Dall’Iraq ancora notizie di attacchi alla comunità cristiana. Stamani una persona
ha perso la vita e oltre 30 sono rimaste ferite nell’esplosione a Mossul, nel nord
del Paese, di tre potenti ordigni. Nel mirino dei terroristi la chiesa siriaco-cattolica
della Vergine Maria, che ha subito lievi danni nella deflagrazione di due autobomba,
mentre una terza esplosione ha investito la chiesa siriaca-ortodossa della Purezza
con la vicina scuola cristiana. Altri tre attentati sono avvenuti nel centro di Baghdad
con un bilancio di tre morti e 14 feriti. Per un commento su questa nuova ondata di
attentati, Giancarlo La Vella ha raggiunto telefonicamente don Renato Sacco,
consigliere nazionale di Pax Christi, appena rientrato dall’Iraq:
R. – Credo
che sia da leggere come prima motivazione guardando agli interessi di potere legati
alle elezioni fissate per il 7 marzo prossimo, con la spartizione di potere con minoranze
portate con la forza ad allinearsi con qualche potere. La seconda cosa è sicuramente
nella spartizione del petrolio: in questi giorni ci sono in corso grandi appalti,
qualcuno vorrebbe avere fuori dai piedi le minoranze e forse qui entra anche la motivazione
religiosa di fare una città etnicamente pulita – Mossul – per potere decidere liberamente.

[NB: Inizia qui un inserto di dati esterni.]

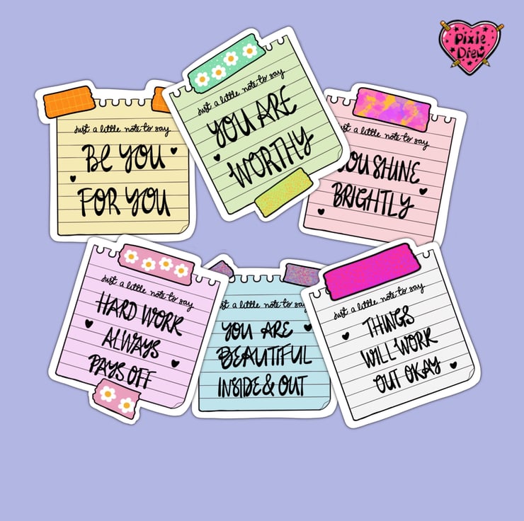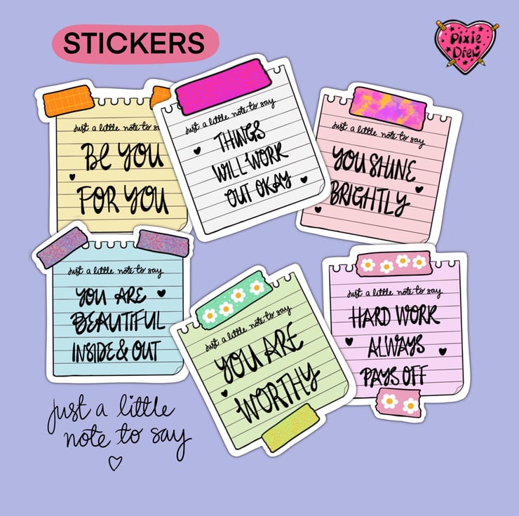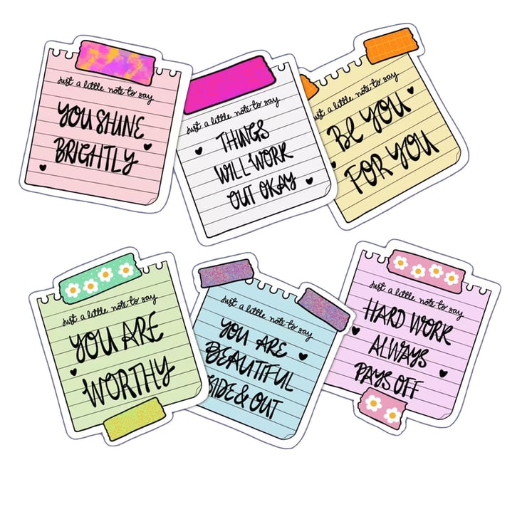 These six stickers were designed to promote self-care and mental well-being and have been drawn by hand

Io credo che sia un invito anche per noi a prepararci al Natale con una speranza vera,
senza dimenticare chi vive queste violenze. Loro ci chiedono: “Non dimenticateci:
la sensazione è che a volte siamo soli!”.
D. – Secondo
lei, perché questi attentati cercano di colpire la storica prerogativa dell’Iraq,
cioè la pacifica convivenza – da sempre – di etnie e di religioni diverse?
R.
– L’Iraq, di fatto, è la culla non solo della civiltà ma anche di questa convivenza
secolare di religioni, di etnie, di culture diverse. Voler distruggere questo, credo
sia voler distruggere l’Iraq. Sicuramente qualcuno ha questo progetto diabolico! Credo
che dobbiamo leggere questo davvero come un richiamo per noi a sostenere chi è là
– cristiani, musulmani, tutte le minoranze che ci sono – perché possano resistere
e continuare. Se viene meno questa compresenza cristiana, chi ci rimette non sono
solo i cristiani che fuggono o che vengono uccisi, ma ci rimette tutto l’Iraq, e come
un’onda lunga ci rimette anche l’Occidente: pagheremo anche noi questo clima di sconfitta
della convivenza. Quindi potremmo dire che è anche interesse nostro impegnarci di
più perché in Iraq continui la convivenza e cresca la pace.